_Recorded data_.
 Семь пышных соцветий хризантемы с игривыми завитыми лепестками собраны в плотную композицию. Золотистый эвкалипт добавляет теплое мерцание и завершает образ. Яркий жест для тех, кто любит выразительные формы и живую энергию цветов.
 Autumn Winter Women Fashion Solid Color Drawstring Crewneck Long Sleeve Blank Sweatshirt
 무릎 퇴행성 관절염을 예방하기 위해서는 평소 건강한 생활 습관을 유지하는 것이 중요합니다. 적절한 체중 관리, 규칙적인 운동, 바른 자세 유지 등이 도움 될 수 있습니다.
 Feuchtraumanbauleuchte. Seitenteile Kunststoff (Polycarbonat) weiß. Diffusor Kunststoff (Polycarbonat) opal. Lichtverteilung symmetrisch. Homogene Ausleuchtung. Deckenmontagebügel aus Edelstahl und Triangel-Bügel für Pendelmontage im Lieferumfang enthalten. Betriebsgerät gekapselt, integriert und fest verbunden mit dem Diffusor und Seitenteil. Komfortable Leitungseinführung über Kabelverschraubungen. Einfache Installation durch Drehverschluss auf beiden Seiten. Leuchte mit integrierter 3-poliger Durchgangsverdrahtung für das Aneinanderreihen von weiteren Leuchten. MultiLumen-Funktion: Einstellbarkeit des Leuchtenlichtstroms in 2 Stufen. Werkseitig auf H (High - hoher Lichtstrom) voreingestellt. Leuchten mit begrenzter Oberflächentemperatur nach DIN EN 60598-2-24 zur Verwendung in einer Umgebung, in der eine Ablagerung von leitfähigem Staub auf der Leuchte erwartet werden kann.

_Goal of the exercise_. Word for word, give back all the lines above.

_Exercise result_.
 Семь пышных соцветий хризантемы с игривыми завитыми лепестками собраны в плотную композицию. Золотистый эвкалипт добавляет теплое мерцание и завершает образ. Яркий жест для тех, кто любит выразительные формы и живую энергию цветов.
 Autumn Winter Women Fashion Solid Color Drawstring Crewneck Long Sleeve Blank Sweatshirt
 무릎 퇴행성 관절염을 예방하기 위해서는 평소 건강한 생활 습관을 유지하는 것이 중요합니다. 적절한 체중 관리, 규칙적인 운동, 바른 자세 유지 등이 도움 될 수 있습니다.
 Feuchtraumanbauleuchte. Seitenteile Kunststoff (Polycarbonat) weiß. Diffusor Kunststoff (Polycarbonat) opal. Lichtverteilung symmetrisch. Homogene Ausleuchtung. Deckenmontagebügel aus Edelstahl und Triangel-Bügel für Pendelmontage im Lieferumfang enthalten. Betriebsgerät gekapselt, integriert und fest verbunden mit dem Diffusor und Seitenteil. Komfortable Leitungseinführung über Kabelverschraubungen. Einfache Installation durch Drehverschluss auf beiden Seiten. Leuchte mit integrierter 3-poliger Durchgangsverdrahtung für das Aneinanderreihen von weiteren Leuchten. MultiLumen-Funktion: Einstellbarkeit des Leuchtenlichtstroms in 2 Stufen. Werkseitig auf H (High - hoher Lichtstrom) voreingestellt. Leuchten mit begrenzter Oberflächentemperatur nach DIN EN 60598-2-24 zur Verwendung in einer Umgebung, in der eine Ablagerung von leitfähigem Staub auf der Leuchte erwartet werden kann.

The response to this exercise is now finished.